### Required action
Each line below is to be copied exactly; images do not go into the copy.

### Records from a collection
◆ ◆ ◆ ◆ ◆

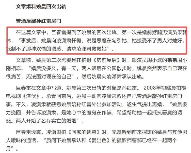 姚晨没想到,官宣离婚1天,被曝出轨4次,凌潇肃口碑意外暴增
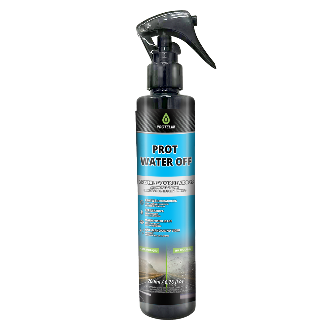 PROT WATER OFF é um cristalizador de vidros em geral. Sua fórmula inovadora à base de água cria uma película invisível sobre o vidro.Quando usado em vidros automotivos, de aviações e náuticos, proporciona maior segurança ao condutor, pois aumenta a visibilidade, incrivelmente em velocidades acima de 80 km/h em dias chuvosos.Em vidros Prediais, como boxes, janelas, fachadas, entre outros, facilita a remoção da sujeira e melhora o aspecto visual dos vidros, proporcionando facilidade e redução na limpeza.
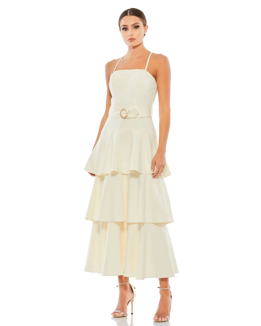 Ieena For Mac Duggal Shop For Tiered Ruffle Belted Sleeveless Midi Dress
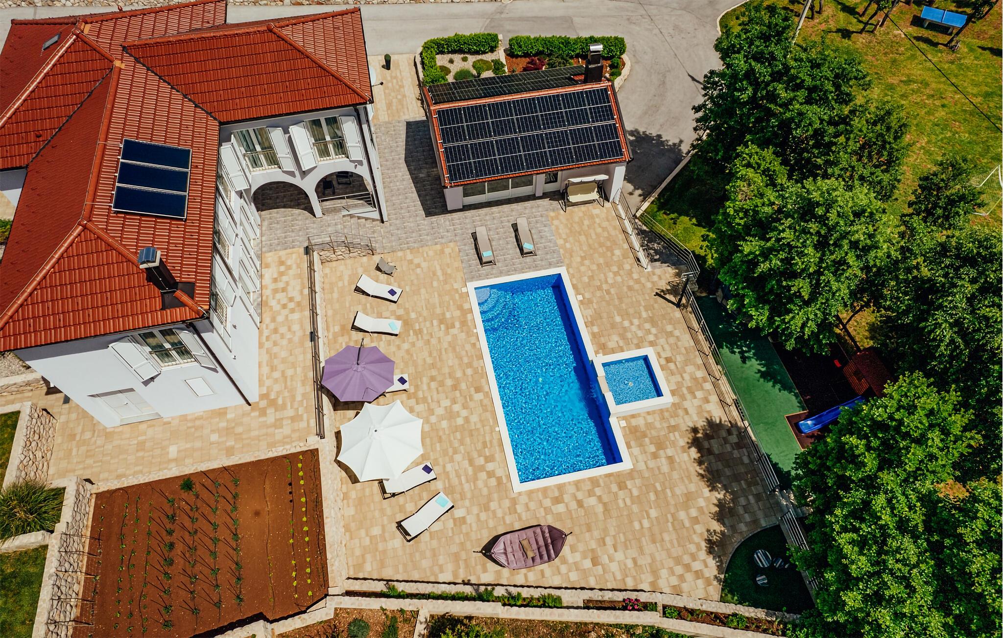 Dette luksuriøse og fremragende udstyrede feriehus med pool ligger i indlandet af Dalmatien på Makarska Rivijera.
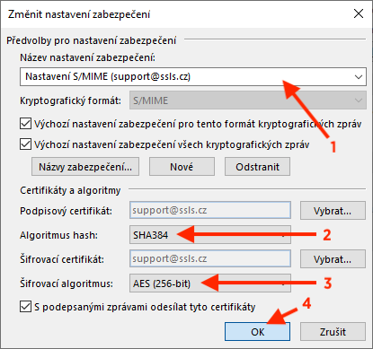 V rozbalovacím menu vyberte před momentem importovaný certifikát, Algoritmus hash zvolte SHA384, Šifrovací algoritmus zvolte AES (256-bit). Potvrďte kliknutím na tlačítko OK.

◆ ◆ ◆ ◆ ◆

### Output of the exercise
 姚晨没想到,官宣离婚1天,被曝出轨4次,凌潇肃口碑意外暴增
 PROT WATER OFF é um cristalizador de vidros em geral. Sua fórmula inovadora à base de água cria uma película invisível sobre o vidro.Quando usado em vidros automotivos, de aviações e náuticos, proporciona maior segurança ao condutor, pois aumenta a visibilidade, incrivelmente em velocidades acima de 80 km/h em dias chuvosos.Em vidros Prediais, como boxes, janelas, fachadas, entre outros, facilita a remoção da sujeira e melhora o aspecto visual dos vidros, proporcionando facilidade e redução na limpeza.
 Ieena For Mac Duggal Shop For Tiered Ruffle Belted Sleeveless Midi Dress
 Dette luksuriøse og fremragende udstyrede feriehus med pool ligger i indlandet af Dalmatien på Makarska Rivijera.
 V rozbalovacím menu vyberte před momentem importovaný certifikát, Algoritmus hash zvolte SHA384, Šifrovací algoritmus zvolte AES (256-bit). Potvrďte kliknutím na tlačítko OK.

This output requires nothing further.